Data records
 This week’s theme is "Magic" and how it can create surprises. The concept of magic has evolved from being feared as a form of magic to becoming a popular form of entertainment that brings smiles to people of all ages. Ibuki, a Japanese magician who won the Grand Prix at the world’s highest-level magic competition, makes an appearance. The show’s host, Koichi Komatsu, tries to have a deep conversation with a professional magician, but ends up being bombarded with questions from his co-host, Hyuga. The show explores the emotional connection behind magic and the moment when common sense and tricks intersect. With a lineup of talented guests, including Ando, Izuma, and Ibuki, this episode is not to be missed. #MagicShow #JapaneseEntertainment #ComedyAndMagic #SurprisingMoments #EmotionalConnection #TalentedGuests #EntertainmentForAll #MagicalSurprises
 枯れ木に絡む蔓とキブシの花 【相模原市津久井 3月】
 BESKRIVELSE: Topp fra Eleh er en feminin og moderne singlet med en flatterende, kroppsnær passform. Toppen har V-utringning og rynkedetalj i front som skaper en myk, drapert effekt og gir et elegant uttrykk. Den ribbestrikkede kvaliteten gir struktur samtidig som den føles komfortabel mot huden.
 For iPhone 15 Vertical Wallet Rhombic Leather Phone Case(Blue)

...

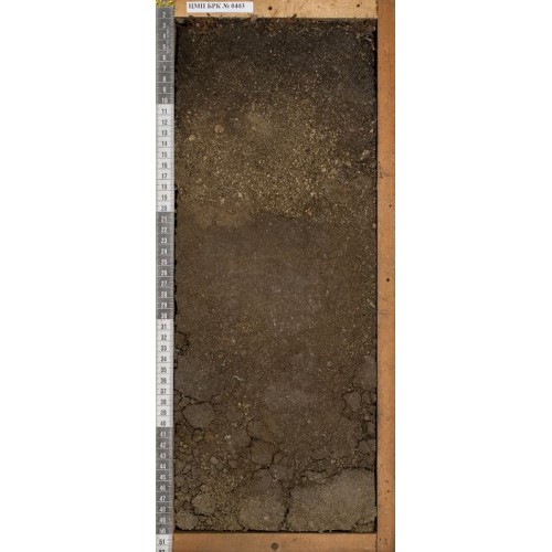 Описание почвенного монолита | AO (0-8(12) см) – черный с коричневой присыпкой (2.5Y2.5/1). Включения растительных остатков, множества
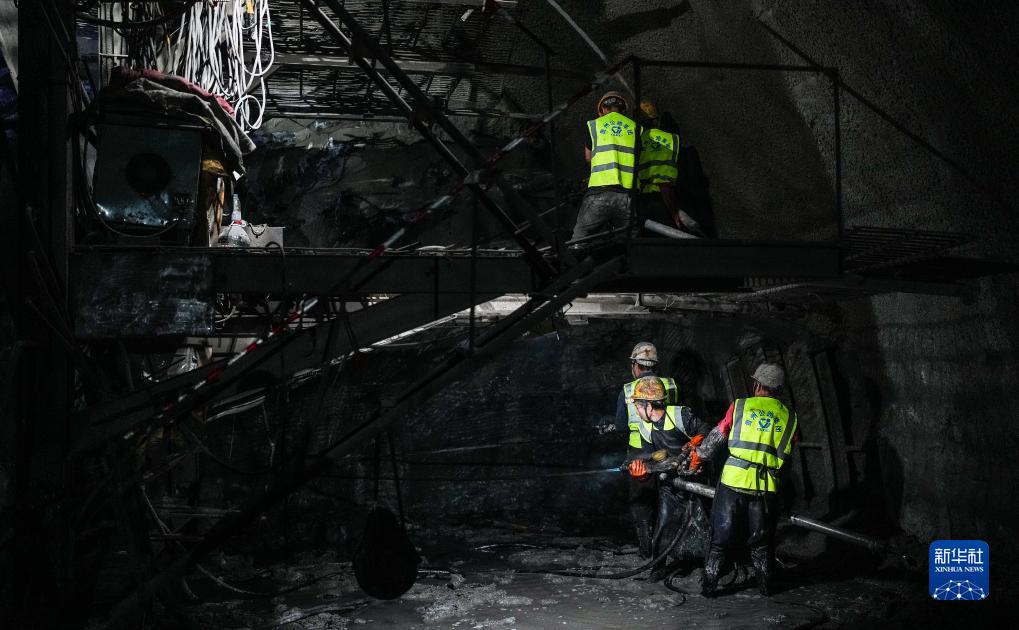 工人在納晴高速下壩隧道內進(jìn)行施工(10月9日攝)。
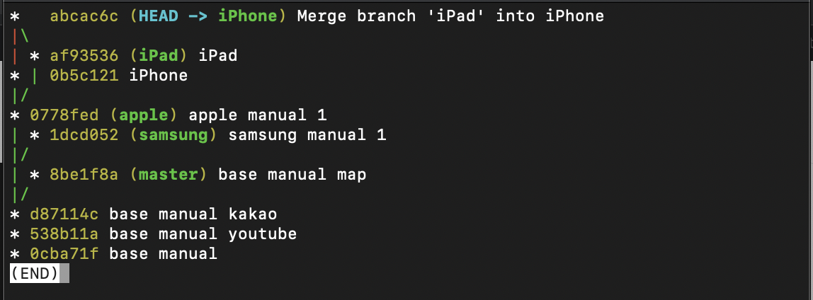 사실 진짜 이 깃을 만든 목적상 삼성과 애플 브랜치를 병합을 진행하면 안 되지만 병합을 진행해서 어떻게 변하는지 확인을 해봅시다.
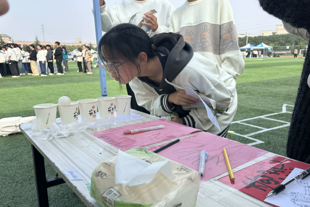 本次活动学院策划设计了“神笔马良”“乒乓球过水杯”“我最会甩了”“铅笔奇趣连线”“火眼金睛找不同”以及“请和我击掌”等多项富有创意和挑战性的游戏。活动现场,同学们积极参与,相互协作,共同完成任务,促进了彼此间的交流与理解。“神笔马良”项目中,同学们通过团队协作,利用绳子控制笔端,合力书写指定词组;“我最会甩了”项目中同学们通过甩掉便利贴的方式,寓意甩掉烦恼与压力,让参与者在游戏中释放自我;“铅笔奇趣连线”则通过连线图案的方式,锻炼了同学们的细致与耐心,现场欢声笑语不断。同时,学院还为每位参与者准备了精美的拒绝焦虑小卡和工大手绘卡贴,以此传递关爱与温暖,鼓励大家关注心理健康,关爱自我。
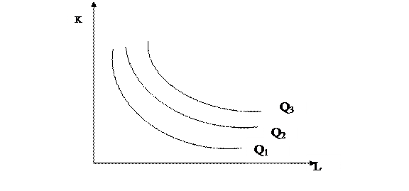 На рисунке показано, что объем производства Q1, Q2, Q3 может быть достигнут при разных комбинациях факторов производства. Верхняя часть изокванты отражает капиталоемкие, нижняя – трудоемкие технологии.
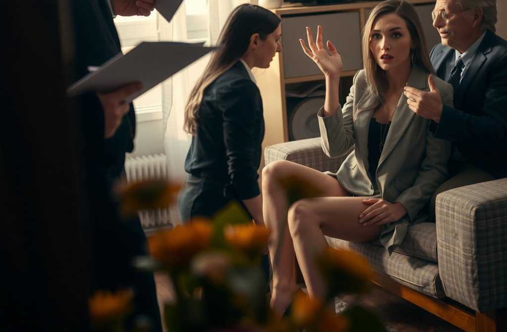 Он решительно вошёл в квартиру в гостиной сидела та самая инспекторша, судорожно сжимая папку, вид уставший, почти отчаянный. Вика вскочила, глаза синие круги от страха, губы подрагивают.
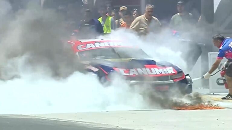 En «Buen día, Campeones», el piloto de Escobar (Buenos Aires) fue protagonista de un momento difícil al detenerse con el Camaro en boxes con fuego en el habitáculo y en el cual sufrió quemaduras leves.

The problem
Would you quote everything above from the line containing "This week’s theme" down to the line containing "For iPhone 15"? Include both of those lines and nothing else.

Response area
 This week’s theme is "Magic" and how it can create surprises. The concept of magic has evolved from being feared as a form of magic to becoming a popular form of entertainment that brings smiles to people of all ages. Ibuki, a Japanese magician who won the Grand Prix at the world’s highest-level magic competition, makes an appearance. The show’s host, Koichi Komatsu, tries to have a deep conversation with a professional magician, but ends up being bombarded with questions from his co-host, Hyuga. The show explores the emotional connection behind magic and the moment when common sense and tricks intersect. With a lineup of talented guests, including Ando, Izuma, and Ibuki, this episode is not to be missed. #MagicShow #JapaneseEntertainment #ComedyAndMagic #SurprisingMoments #EmotionalConnection #TalentedGuests #EntertainmentForAll #MagicalSurprises
 枯れ木に絡む蔓とキブシの花 【相模原市津久井 3月】
 BESKRIVELSE: Topp fra Eleh er en feminin og moderne singlet med en flatterende, kroppsnær passform. Toppen har V-utringning og rynkedetalj i front som skaper en myk, drapert effekt og gir et elegant uttrykk. Den ribbestrikkede kvaliteten gir struktur samtidig som den føles komfortabel mot huden.
 For iPhone 15 Vertical Wallet Rhombic Leather Phone Case(Blue)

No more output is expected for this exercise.